■ REQUIRED WORK:
Will you write out, word for word, every line from the one with "Lion female walking" to the final line of the data below, with the pictures left out?

■ SOURCE MATERIAL:
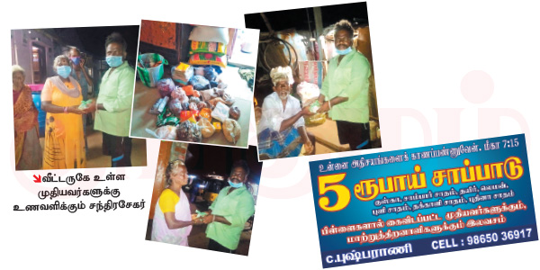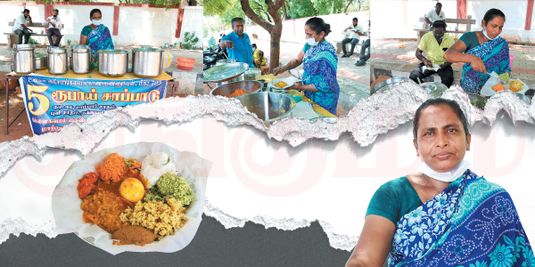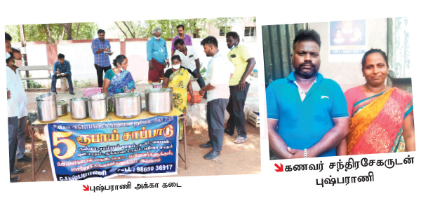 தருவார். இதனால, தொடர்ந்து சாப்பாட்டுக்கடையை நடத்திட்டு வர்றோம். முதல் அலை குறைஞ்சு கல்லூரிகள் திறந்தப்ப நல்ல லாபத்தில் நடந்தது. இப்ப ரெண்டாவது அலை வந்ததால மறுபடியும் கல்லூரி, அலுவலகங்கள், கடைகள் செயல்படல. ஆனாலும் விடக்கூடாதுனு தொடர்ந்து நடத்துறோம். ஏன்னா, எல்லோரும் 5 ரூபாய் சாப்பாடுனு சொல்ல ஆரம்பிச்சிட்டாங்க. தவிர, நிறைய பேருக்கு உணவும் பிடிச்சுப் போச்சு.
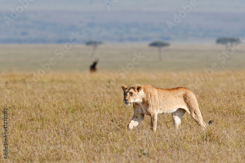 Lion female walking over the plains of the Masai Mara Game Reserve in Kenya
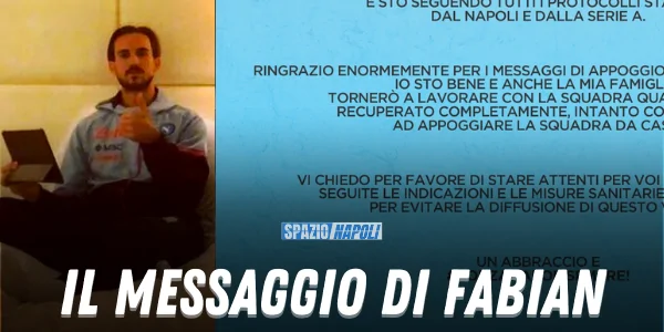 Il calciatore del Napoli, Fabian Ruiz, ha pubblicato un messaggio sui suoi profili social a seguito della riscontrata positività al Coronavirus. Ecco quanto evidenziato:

■ EXERCISE ANSWER:
 Lion female walking over the plains of the Masai Mara Game Reserve in Kenya
 Il calciatore del Napoli, Fabian Ruiz, ha pubblicato un messaggio sui suoi profili social a seguito della riscontrata positività al Coronavirus. Ecco quanto evidenziato:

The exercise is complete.